While it looks possible to feed full range data to nvenc but not tell it to ffmpeg, this may lead to counter-intuitive display issues. For the ffmpeg command line option, specifying the use of full range colours can be done with -color_range 2. The libav counterpart seems to be here: https://ffmpeg.org/doxygen/trunk/pixfmt_8h.html#a3da0bf691418bc22c4bcbe6583ad589a
Is it challenging to expose this flag in the writer?
I have uploaded a new wheel with corrected pts values, hopefully the resulting video’s will be playable in quicktime.
Correct as mentioned in the notebook the muxed containers have the full range flag set to false. This can be altered but I am not sure if it has general purpose value in OpenCV as the input range can be limited before encoding the YUV values if they are not in the standard video range.
Apologies I had missed the note about it in your notebook.
I am obviously biased but I would have thought that being able to record / playback video acquired with a machine vision camera (either 8 or 10 bit) fits quite well in the remit of opencv. There is alreay support for video capture for many such cameras. The full bit range would be utilised in such camera streams.

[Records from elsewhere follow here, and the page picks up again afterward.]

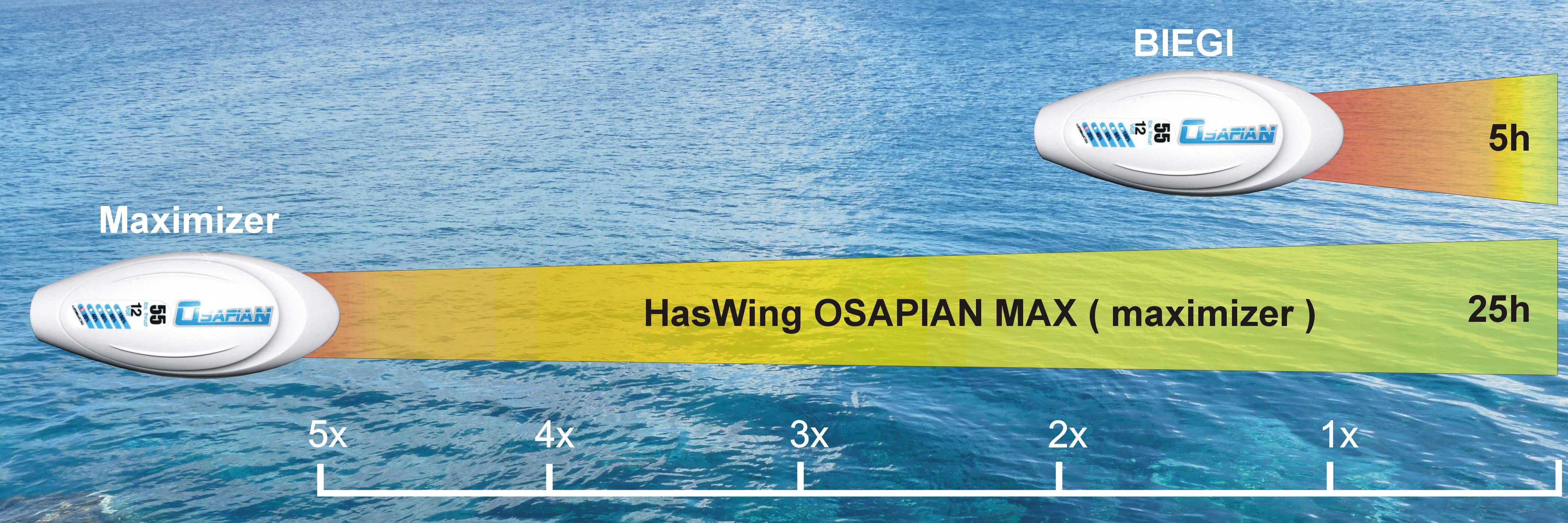 Osapian 55/60 max dzięki dużej mocy i śrubie z 3 łopatkami jest jednym z najszybszych silników zasilanych 12V.
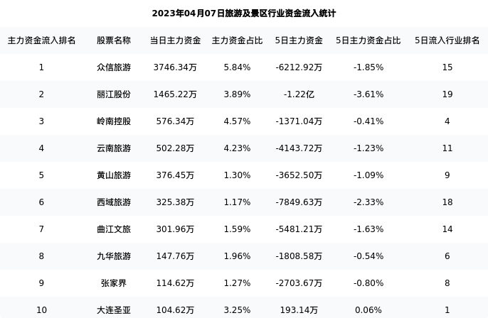 从主力资金流向来看,旅游及景区行业今日主力资金流入11.38亿元,在所有申万二级行业中排名:5/131。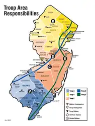 - Troop A: Southern New Jersey (including the Atlantic City Expressway)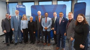 Moderators and panelists gather for a photo following the Cobb Chamber event.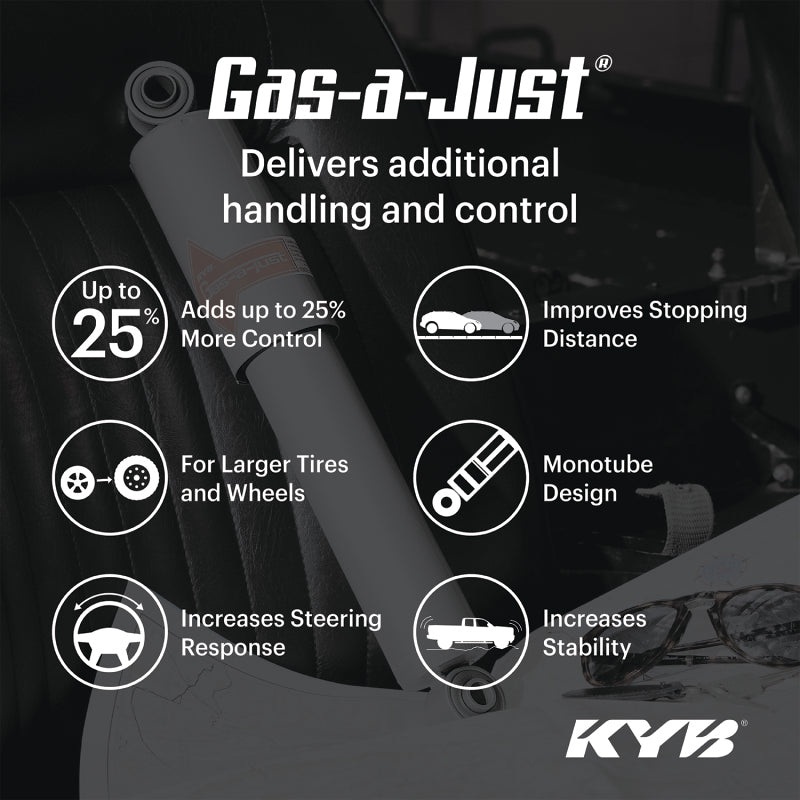 The KYB Gas-a-just monotube shock absorber has additional performance advantages over the traditional twin-tube design: It can instantly, automatically adjust to your performance needs and never experiences fade due to aeration. The KYB Gas-a-just has two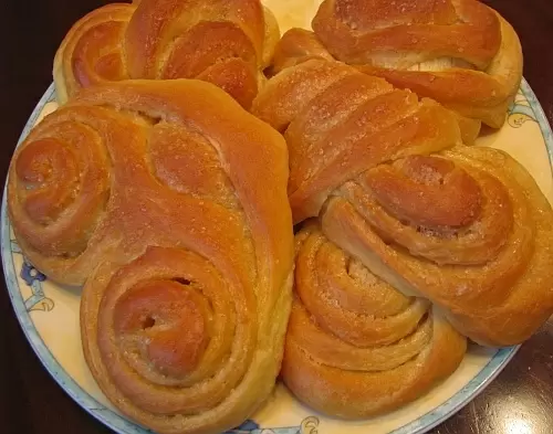 После второго подъема тесто раскатывается в прямоугольник, смазывается маслом и посыпается сахаром. Завершите процесс, свернув тесто в рулет и нарезая его на кусочки, формируя из каждого свою плюшку с помощью надрезов. Эти заготовки выкладываются на противень, накрываются и оставляются для расстойки в тепле примерно на 30-40 минут.

As you say, it is possible to squash the value range of the camera feed before writing it as a video file but this will lead to precision loss on top of any (lossy) compression that may occur. The alternative of recording full range but not telling it to the container is probably workable in many cases but, in addition to skewing the semantics a bit, I am not sure what side effects may occur due to using reserved values such as 0 (and 255/1023 in 8/10 bit respectively):
Values outside the nominal ranges are allowed, but typically they would be clamped for broadcast or for display (except for Superwhite and xvYCC). Values 0 and 255 are reserved as timing references (SAV and EAV), and may not contain color data (for 8 bits, for 10 bits more values are reserved and for 12 bits even more, no values are reserved in files or RGB mode or full range YCbCr digital modes like sYCC or opYCC).